Drawing the line when it comes to his friends
It is indeed a big deal when he decides he wants to introduce you to his friends; it is a sign that he perceives the relationship with at least a degree of seriousness. However, it is also the time when you need to figure out how much salt the relationship holds for you. Are you at a stage where you would want to introduce him to your friends? If yes, then you most certainly should come to terms with the fact that you are no longer just hooking up with each other; you are now, officially, dating a sugar daddy.
But what happens when the evening with his friends starts heading downhill? You can never be sure how his friends are (though this is no reflection on him); they may be loud, pompous, chauvinistic, insolent, misbehaved, or all of the above. How do you deal with it, especially considering that stomping out of the party is not a viable alternative? You aren’t allowed to be rude and tell them off; that’s not going to go down well with your sugar daddy. At that moment, the only thing you can do is swallow the anger and plaster a charming smile across your face.
However, the equation changes once both of you are alone again. You need to categorically underline to him that his friends are his friends, and they don’t need to share the same equation with you. You’ll respect their friendship, but that’s about it. Make it clear that you don’t like spending time with his friends; he’s probably going to appreciate your honesty; everyone prefers a John Worthing to a lying Earnest. Even if he doesn’t seem very happy about it, give him time to accept it. A successful relationship needs to take into consideration both your happiness, not just his.
There are those amongst us who’ll tell themselves, “I’ll just ignore it this time, not like I have to bear it often.” Though choosing this line of thought is a personal choice, I’d advice against it because your sugar daddy will automatically assume that you liked the evening. This makes the future dangerous territory, since he might work towards making you socialize to a greater extent with his mates and when you raise reservations that you had hitherto kept mum about, it’ll take him by surprise and lead him to classify your behavior as unreasonable. Then follows a lengthy argument and I’m pretty sure that’s a road you definitely don’t want to go down.
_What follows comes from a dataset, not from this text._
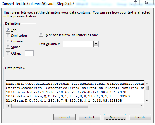 - If this were really a CSV (comma separated value) file, we would be fine, but it is delimited (or separated) by ;

Another thing you need to keep in mind is not to flip your top if he defends his friends’ behavior. It is a very human trait to come to your friends’ defense; you’d have done the same if he was castigating your friends. Hear him out, and then tell him that you respect his opinion and that you don’t expect anything more than the same from him. Not only will he get the message, but you’d also have managed to successfully avoid an uncomfortable meeting in the future without antagonizing the man important to you.